Every line of the listing below from the one with "Ein ungewöhnlicher Theaterabend" up to and including the one with "[로또당첨번호조회] 로또 1등" should be retyped exactly, and nothing else; pictures are not part of the copy.

### Extracted records:
──────────────────────────────
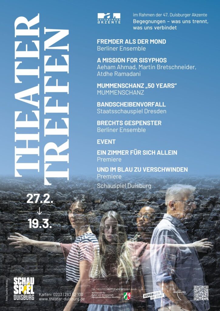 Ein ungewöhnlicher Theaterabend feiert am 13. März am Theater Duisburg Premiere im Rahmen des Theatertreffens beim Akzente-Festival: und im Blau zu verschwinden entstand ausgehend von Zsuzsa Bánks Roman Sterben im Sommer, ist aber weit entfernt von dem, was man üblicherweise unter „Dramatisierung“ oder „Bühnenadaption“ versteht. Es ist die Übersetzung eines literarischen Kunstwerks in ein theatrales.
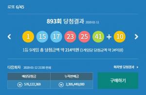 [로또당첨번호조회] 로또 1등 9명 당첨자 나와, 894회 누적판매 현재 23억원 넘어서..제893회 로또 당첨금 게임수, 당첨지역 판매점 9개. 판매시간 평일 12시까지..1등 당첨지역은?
──────────────────────────────
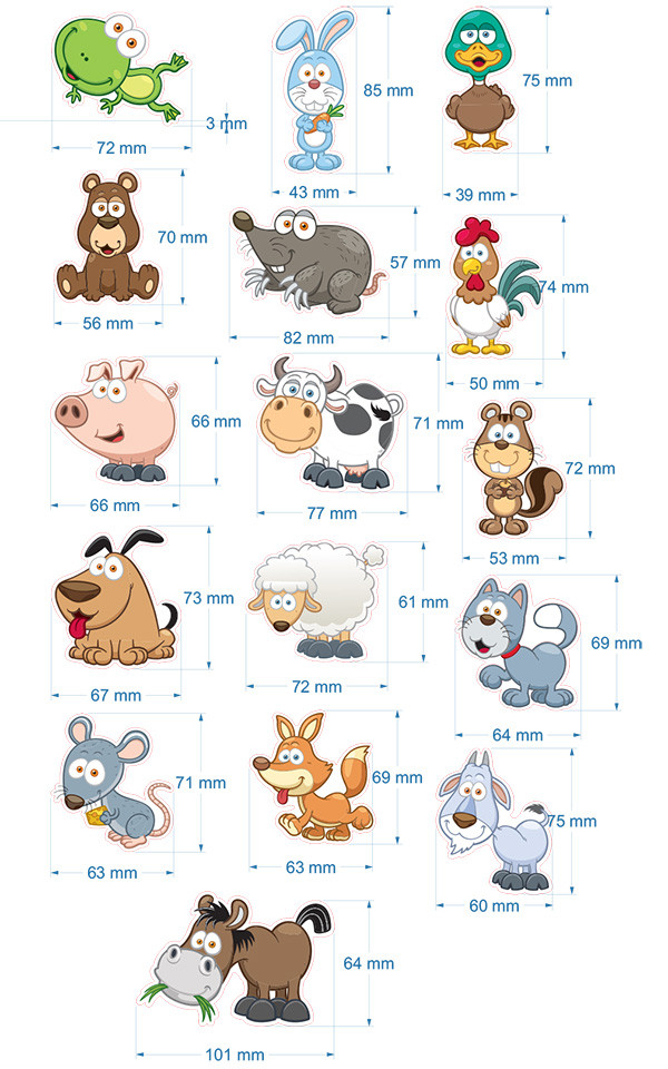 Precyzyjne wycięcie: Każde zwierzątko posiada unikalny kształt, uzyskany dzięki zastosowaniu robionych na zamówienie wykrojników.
──────────────────────────────
### Worked solution:
 Ein ungewöhnlicher Theaterabend feiert am 13. März am Theater Duisburg Premiere im Rahmen des Theatertreffens beim Akzente-Festival: und im Blau zu verschwinden entstand ausgehend von Zsuzsa Bánks Roman Sterben im Sommer, ist aber weit entfernt von dem, was man üblicherweise unter „Dramatisierung“ oder „Bühnenadaption“ versteht. Es ist die Übersetzung eines literarischen Kunstwerks in ein theatrales.
 [로또당첨번호조회] 로또 1등 9명 당첨자 나와, 894회 누적판매 현재 23억원 넘어서..제893회 로또 당첨금 게임수, 당첨지역 판매점 9개. 판매시간 평일 12시까지..1등 당첨지역은?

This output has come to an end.